We consent to the incorporation by reference in the registration statement of
Masco Corporation on Form S-8 of our report dated February 18, 1997, on our
audits of the consolidated financial statements and financial statement
schedules of Masco Corporation and subsidiaries as of December 31, 1996 and
1995, and for each of the three years in the period ended December 31, 1996,
which report is incorporated by reference from the Masco Corporation Annual
Report on Form 10-K for the year ended December 31, 1996.
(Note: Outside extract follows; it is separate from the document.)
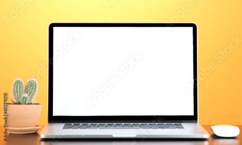 © Africa Studio, Fototapeta premium Laptop and cactus in flowerpot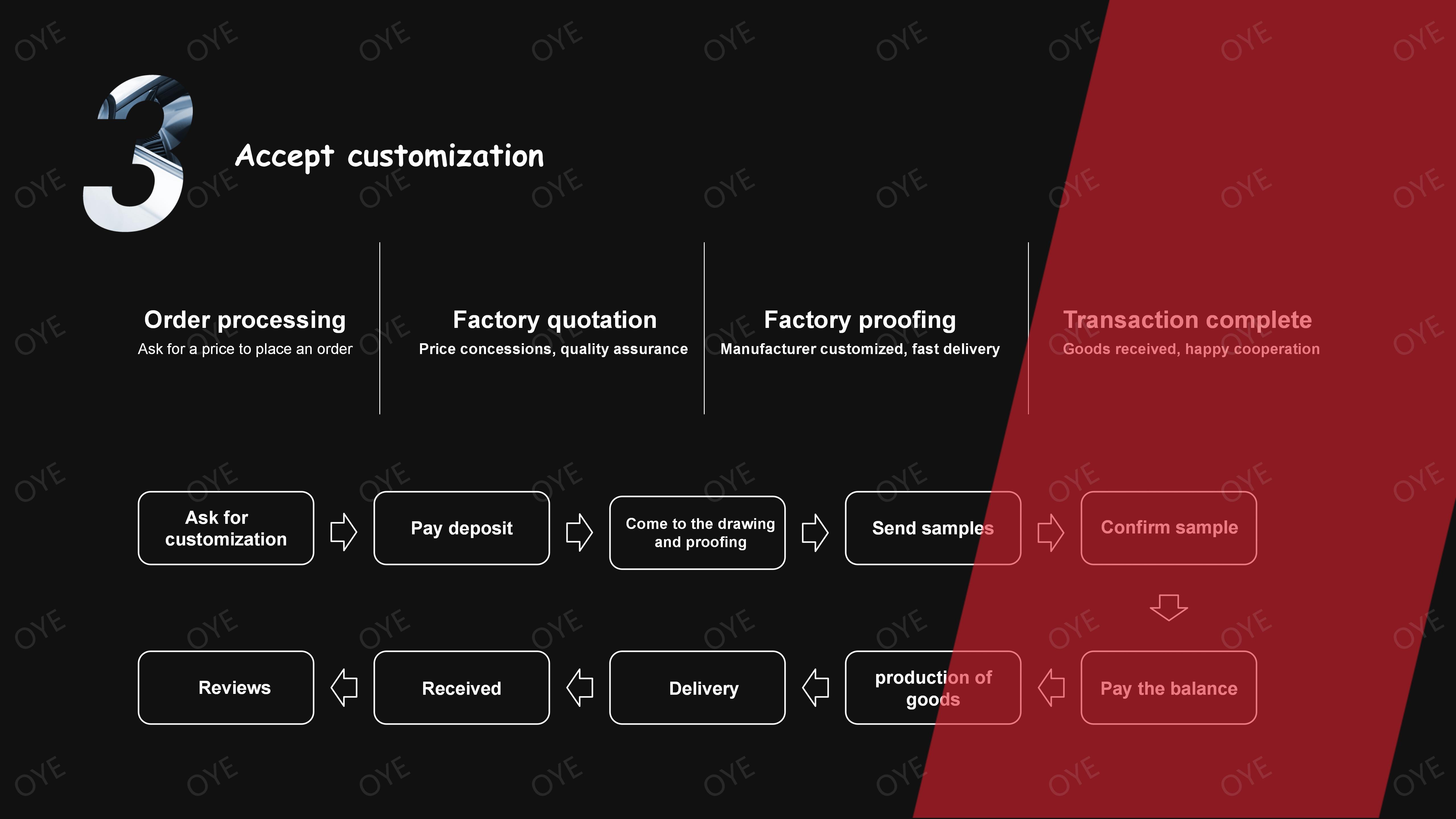 Require customization--pay a deposit--draw a sample--send a sample --confirm the sample--pay the balance--produce the goods--ship the goods--receive--comments |

/s/ Coopers & Lybrand L.L.P.


Coopers & Lybrand L.L.P.
Detroit, Michigan
July 7, 1997  






                                                            Exhibit 23.b








                       CONSENT OF INDEPENDENT ACCOUNTANTS


We consent to the incorporation by reference in the registration statement of
Masco Corporation on Form S-8 of our report dated February 28, 1997, on our
audits of the consolidated financial statements and financial statement schedule
of MascoTech, Inc. and subsidiaries as of December 31, 1996 and 1995, and for
each of the three years in the period ended December 31, 1996, which report is
incorporated by reference from the Masco Corporation Annual Report on Form 10-K
for the year ended December 31, 1996.


/s/ Coopers & Lybrand L.L.P.


Coopers & Lybrand L.L.P.
Detroit, Michigan
July 7, 1997  






                                                                     Exhibit 99

                               MASCO CORPORATION 
                     1997 NON-EMPLOYEE DIRECTORS STOCK PLAN

Section 1.  Purpose

      The purpose of this Plan is to ensure that the non-employee Directors of
Masco Corporation (the "Company") have an equity interest in the Company and
thereby have a direct and long term interest in the growth and prosperity of the
Company by payment of part of their compensation in the form of common stock of
the Company.

Section 2.  Administration of the Plan

      This Plan will be administered by the Company's Board of Directors  (the
"Board"). The Board shall be authorized to interpret the Plan, to establish,
amend, and rescind any rules and regulations relating to the Plan and to make
all other determinations necessary or advisable for the administration of the
Plan. The Board's interpretation of  the terms and provisions of this Plan shall
be final and conclusive. The Secretary of the Company shall be authorized to
implement the Plan in accordance with its terms and to take such actions of a
ministerial nature as shall be necessary to effectuate the intent and purposes
thereof.  The validity, construction and effect of the Plan and any rules and
regulations relating to the Plan shall be determined in accordance with the laws
of the State of Michigan and applicable Federal law.

Section 3.  Eligibility

      Participation will be limited to individuals who are Eligible Directors,
as hereinafter defined.  Eligible Director shall mean any Director of the
Company who is not an employee of the Company and who receives a fee for
services as a Director.

Section 4.  Shares Subject to the Plan

      (a) Subject to the adjustments set forth below, the aggregate number of
shares of Company Common Stock, par value $1.00 per share  ("Shares"), which may
be the subject of awards issued under the Plan shall be 500,000.  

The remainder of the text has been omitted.